Кириллова глянула в шоферское зеркальце – знала, что не увидит себя, и все же посмотрела. Представилось встревоженное, усталое и от этого ставшее некрасивым лицо. Подумала о Богдане Протасовиче: спокоен, здоров, убедился в незыблемости плотины. Уверен в себе, в успехе своего друга.

А вот она примчалась сюда, как девчонка!

Испугалась недобрых, черствых мыслей: как бы еще не обмолвиться жестким словом! Приказала себе – щадить!

И уже приказав, воскликнула:

– Знаете, нелепо – вдруг подумала о вашей жене!

– Что?

– С вами может ужиться либо подвижница, либо… Либо пустая бабешка. Которой на все наплевать…

– Надежда Сергеевна!

– Да-да, которой на все наплевать, пароме полированного гарнитура и легкового выезда. Вы эгоистичны и себялюбивы. Да-да, особого рода себялюбие.

– Надежда Сергеевна, позвольте…

– Не позволю. Вы не имеете права так жить. Вокруг вас люди. Люди, а не вакуум.

– Вы для того и поспешили сюда, чтобы спасти меня от вакуума?

– Да, для того. Для того, чтобы сказать вам в лицо. Я не умею высказываться за глаза.

«Невозмутим. Уверен, – думала Кириллова, – гордится своими мужицкими корнями. Задубел». И продолжала вслух.

– Вы одеревенели, ожесточились.

Пыталась сгладить вспышку:

– Почему мы, женщины, несмотря на всю жестокость черной лабораторной работы, несмотря на всю черную лабораторную кухню, сохраняем в себе тепло для семьи, ласку для детей, находим время и внимание для вас.

Надежда Сергеевна говорила уже как всегда сдержанно, чуть с обидой:

– Что я хочу сказать, Богдан Протасович? Наверно, в нашей работе, кроме всех прочих условий – навыка, прозренья, гипотез, – необходимо еще одно: чтобы эксперимент не убивал прекрасное, ради которого построен эксперимент!

Кириллова ждала ответа. Напрасно. Он снова ушел в себя.

Прудников посмотрел на спидометр, нашел, что стрелка отмерила недопустимую скорость, и сбавил ход.

Кириллова ждала.

Молчит. Уставился в спину Прудникова.

Она старалась угадать, прочесть хоть словечко, ухватить краешек его мыслей – и не могла.

И снова обида – внезапная, непреодолимая, как судорога, – подавила все доброе, сердечное, присущее ей. И теперь уж ничего, кроме раздражения, ничего, кроме желания допечь, пронять, разбить невозмутимое, снисходительное, олимпийское спокойствие.
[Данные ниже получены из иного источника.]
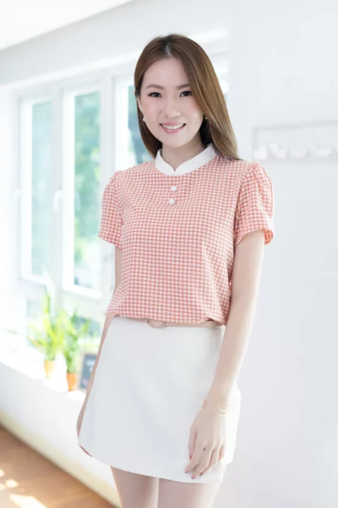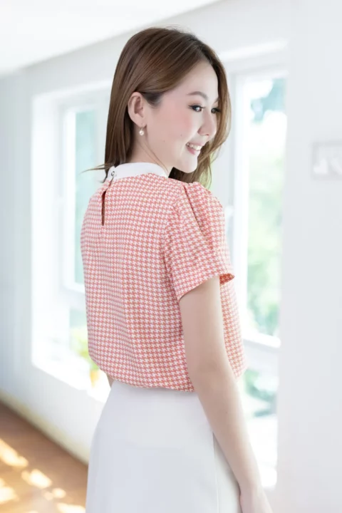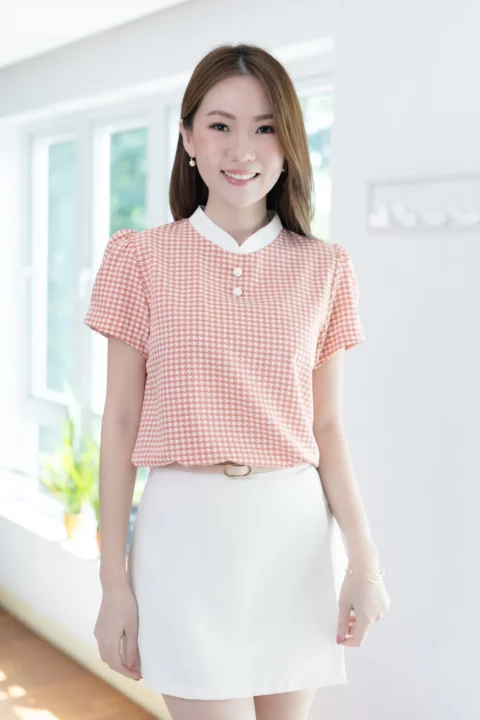 เสื้อคอกลมปิดต่อแขนสั้น จับจีบที่ปลายแขนดูพองนิดๆ แต่งกระดุมหลอกด้านหน้า ขอบคอสีพื้นวางซ้อนกัน ตัดกับผ้าพิมพ์ลายชิโนริ คอผ่าหยดน้ำหลังติดกระดุม ทรงน่ารักมากๆ กระตุกใจสุดๆ

– Забыла сказать вам, эта девица, которой вы оказали столько внимания…

– Севрюгина?

– Да, Севрюгина. Не правда ли, потрясающая фамилия?

– Чудовищная. Но зато имя…

– Так вот, к этой девице приехал парень.

– Да – Арник. Тоже зверски красивое имя. Но это пройдет, и он станет Андрюшкой.
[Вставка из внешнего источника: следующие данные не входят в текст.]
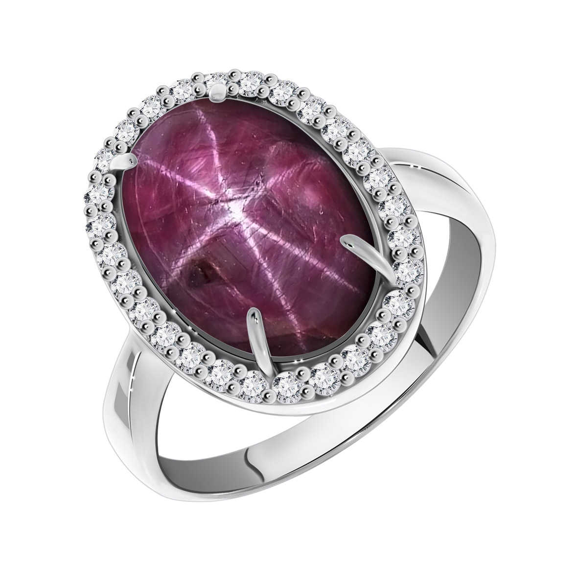 Кольцо для женщин из серебра 925 пробы с звездчатым рубином,фианитами из коллекции Ирида артикул 1340940253л-3 от компании KRASNOE

– Но я еще не все сказала. Этого Андрюшку схватили.

– Как – схватили?

– А так. Задержали. У дверей кабинета. Дверь была открыта. Сейф вскрыт.
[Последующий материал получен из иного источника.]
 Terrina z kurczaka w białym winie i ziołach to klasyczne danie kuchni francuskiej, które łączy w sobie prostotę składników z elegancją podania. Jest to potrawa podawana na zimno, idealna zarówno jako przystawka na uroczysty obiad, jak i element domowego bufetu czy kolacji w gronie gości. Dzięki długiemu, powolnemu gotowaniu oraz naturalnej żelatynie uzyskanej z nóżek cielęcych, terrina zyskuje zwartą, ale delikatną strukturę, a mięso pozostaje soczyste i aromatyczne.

– Надежда Сергеевна, вы только что любезно спасли меня от инфаркта и вакуума!

– Что поделаешь, жизнь есть жизнь. Парня действительно схватили.

Прудников, не оглядываясь, подался вперед и погнал машину.

– Говорите, схватили? – переспросил Вага.

– Да, задержали. Шевров узнал парня. Оказывается, он имел уже судимость. Шевров обвиняет вас…

– Меня?

– Вас. Обвиняет в потворстве элементам.

Прудников увеличил скорость.

– А я обвиняю вас, – присматривалась к дороге Кириллова. – Обвиняю в одной странности, – она откинулась на спинку сиденья, – чтобы снискать ваше внимание, нужно быть блудным сыном или блудной дочерью.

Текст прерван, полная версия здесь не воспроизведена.